What you should do: Ignore the pictures in the data below and set down exactly the lines from its first line through the line containing "Φατσούλα γελάω!!!, 30oz".

++++ Task input

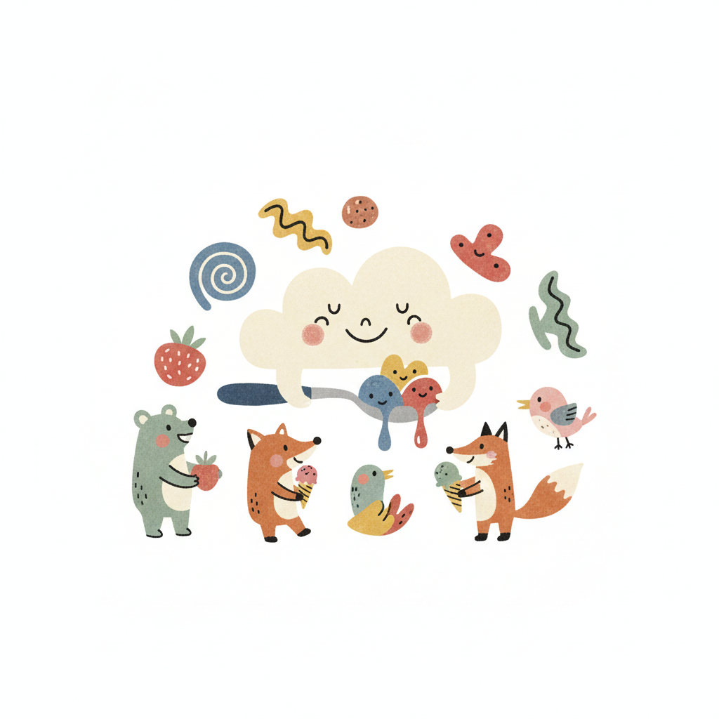 Niedliche Tiere und eine lächelnde Wolke genießen Eiscreme und Früchte in einem verspielten Cartoon-Stil.
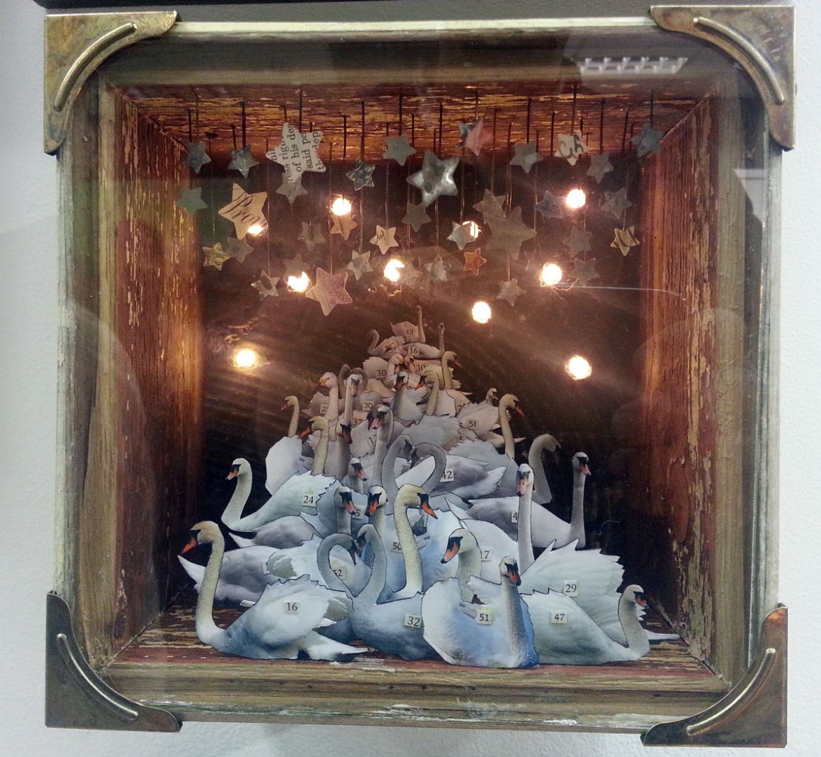 swans-and-stars Published May 24, 2014 at 1200 × 1107 in 7. The Woods, box art – Sticks, signs and leaves at Fringe Arts Bath ← Previous Next →
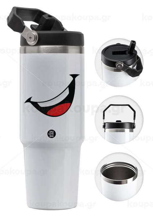 Φατσούλα γελάω!!!, 30oz stainless Steel Tumbler with Handle
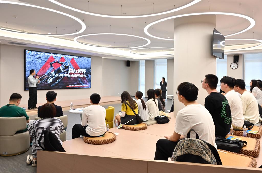 在首届“创在南开”青年创新创业大赛获奖项目分享环节中,生态户外运动品牌“骑行趣野”创始人仇越和飞屋文化影音传播工作室负责人董吉亮结合自身经历,分享了创业过程中的心得体会,生动展现了从创意孵化到项目落地的实践路径,引发师生热烈讨论与深入思考。座谈交流结束后,师生一行参观了天开高教科创园综合服务中心,详细了解园区在企业全生命周期服务中的创新举措和配套支持,进一步拓宽了对创新创业环境的认知视野。
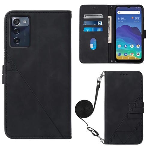 Funda de Cuero ZTE Consumer Cellular Zmax 5G Crossbody 3D con Tapa En Relieve (Negro)
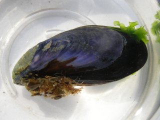 【左】ムラサキイガイ。下の茶色い髭は足糸

++++++++

Task result:
 Niedliche Tiere und eine lächelnde Wolke genießen Eiscreme und Früchte in einem verspielten Cartoon-Stil.
 swans-and-stars Published May 24, 2014 at 1200 × 1107 in 7. The Woods, box art – Sticks, signs and leaves at Fringe Arts Bath ← Previous Next →
 Φατσούλα γελάω!!!, 30oz stainless Steel Tumbler with Handle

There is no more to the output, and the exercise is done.